<<<<
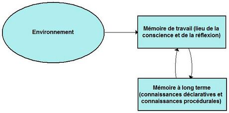 Dans cette perspective, l’apprentissage constitue un ensemble des processus qui permettent à un individu d’acquérir des connaissances qui viendront enrichir son système mémoriel dit mémoire à long terme. Ces connaissances acquises par un individu peuvent ou non s’exprimer dans son comportement autrement dit, elles sont récupérées et utilisées de façons diverses pour penser et d’agir dans le monde. En effet, si l’on considère souvent que la fonction de la mémoire à long terme est celle d’être la « gardienne du passé », les sciences cognitives ont mis en évidence une autre fonction de cette mémoire, tout aussi importante dans la vie de chaque humain. Les connaissances encodées dans la mémoire à long terme permettent continuellement de prévoir le futur », c’est-à-dire d’agir en anticipant continuellement (et de façon non consciente) l’interaction probable entre nous et le monde qui nous entoure, afin d’y agir de façon la plus optimale possible (de notre point de vue). Autrement dit, nos actions dans le monde utilisent principalement sur les connaissances encodées en mémoire à long terme et activées dans le système mémoriel appelé mémoire de travail, une sorte de "fenêtre de la conscience" qui contient à quoi nous portons attention, ce qui est présent à l’esprit (Chanquoy, Tricot et Sweller, 2007).
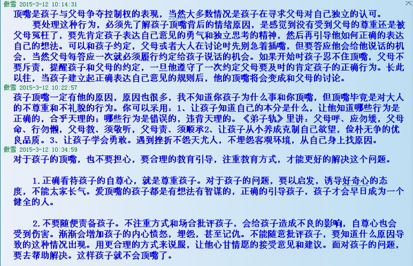 顶嘴是孩子与父母争夺控制权的表现,当然大多数情况是孩子在寻求父母对自己独立的认可。要处理这种行为,必须先了解孩子顶嘴背后的情绪原因,是感觉到没有受到父母的尊重还是被父母冤枉了,要先肯定孩子表达自己意见的勇气和独立思考的精神,然后再引导他如何正确的表达自己的想法。可以和孩子约定,父母或者大人在讨论时先别急着插嘴,但要答应他会给他说话的机会,当然父母每答应一次就必须履行约定给孩子说话的机会。如果开始时孩子忍不住顶嘴,父母不要斥责,提醒孩子和父母的约定,一旦他遵守了一次约定父母要及时的肯定孩子的正确行为。长此以往,当孩子建立起正确表达自己意见的规则后,他的顶嘴将会变成和父母的讨论。
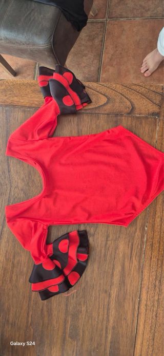 Precioso conjunto de flamenco para niña, ideal para fiestas o actuaciones. - Diseño con volantes y lunares. - Incluye 3 body flamenco, falda con lunares, cinturón flamenco - El mantón no se incluye en el pedido - Para niña de 5 años
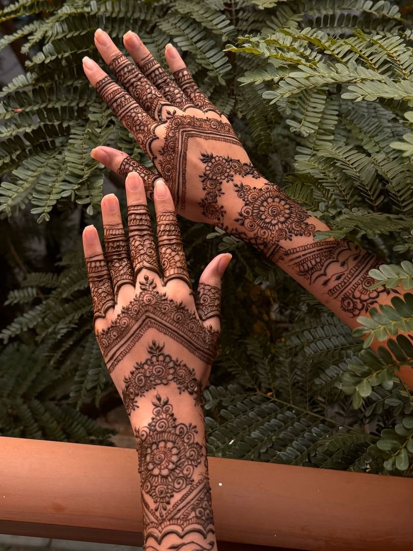 For a contemporary feel, I create designs that feature bold Arabic-style vines and geometric patterns. These styles use negative space to make the artwork pop, offering a lighter yet equally stunning alternative to traditional heavy mehendi.
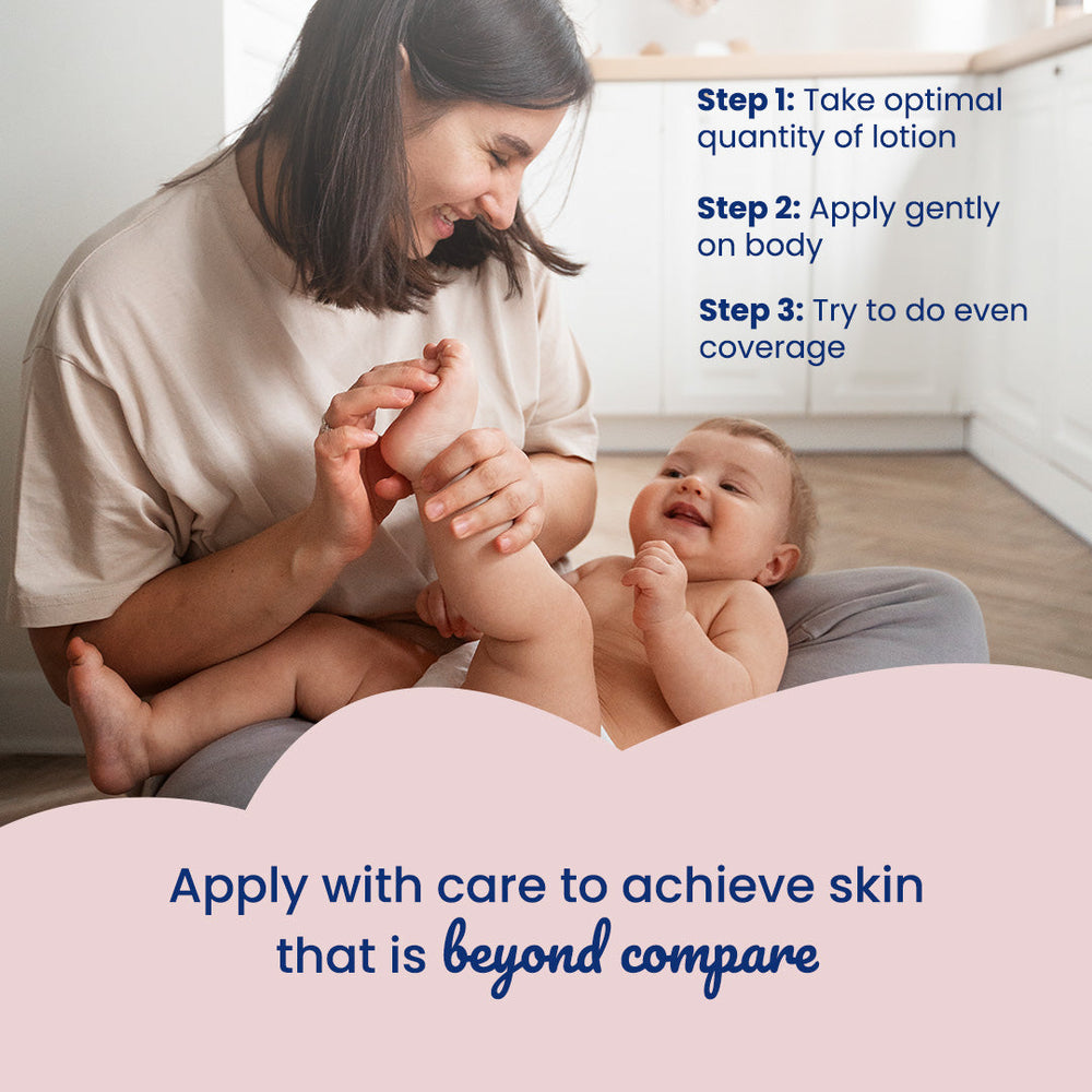 - Take the appropriate amount of lotion in your hand and gently apply it all over your baby's body to smoothen their skin
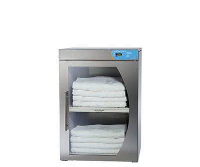 Programmable and quiet, these blanket warmers from Enthermics provide comforting heat and maintain patient normothermia throughout procedures in the ER, surgical suite, labor room or delivery area. This reduces surgical site infection risks and aides in the recovery process. Engineered for floor-standing point-of-care with an aesthetically pleasing, quality design, the warmers contain the patented WarmSafe zone heating system with heated shelves, which ensures every blanket is safely and evenly warmed by adjusting temperature throughout the cabinet. These warmers are quiet with no fans or moving parts, making them perfect for delivery rooms, ICU and NICU. This warmer has a capacity of 7.5 Cubic Feet. These patient friendly warmers feature four heavy-duty, rugged casters, allowing this cabinet to be moved throughout a facility where it's needed quickly and easily. The absence of fans and their noise add to the emphasis on comfort and care. The single pane, energy-efficient, e-coated glass door allows for quick inventory observation and reflects heat back into the unit. Featuring an epoxy-coated steel exterior casing and interior insert, the unit is externally sized at 35.5" x 24" x 23.75". It has enough space for 10-12 blankets. The temperature is adjustable, allowing blankets to be warmed up to a range of 98 through 200 degrees fahrenheit. The door to the unit is fully gasketed and features an easy, hands-free push button to open, making it convenient for caregivers with hands full of blankets needing to be warmed.
>>>>
**Your objective**
Among the entries above, locate the line with "Precioso conjunto de" and the line with "- Take the appropriate". Give those two lines and all lines between them again, exactly, leaving out the pictures.

**Exercise solution**
 Precioso conjunto de flamenco para niña, ideal para fiestas o actuaciones. - Diseño con volantes y lunares. - Incluye 3 body flamenco, falda con lunares, cinturón flamenco - El mantón no se incluye en el pedido - Para niña de 5 años
 For a contemporary feel, I create designs that feature bold Arabic-style vines and geometric patterns. These styles use negative space to make the artwork pop, offering a lighter yet equally stunning alternative to traditional heavy mehendi.
 - Take the appropriate amount of lotion in your hand and gently apply it all over your baby's body to smoothen their skin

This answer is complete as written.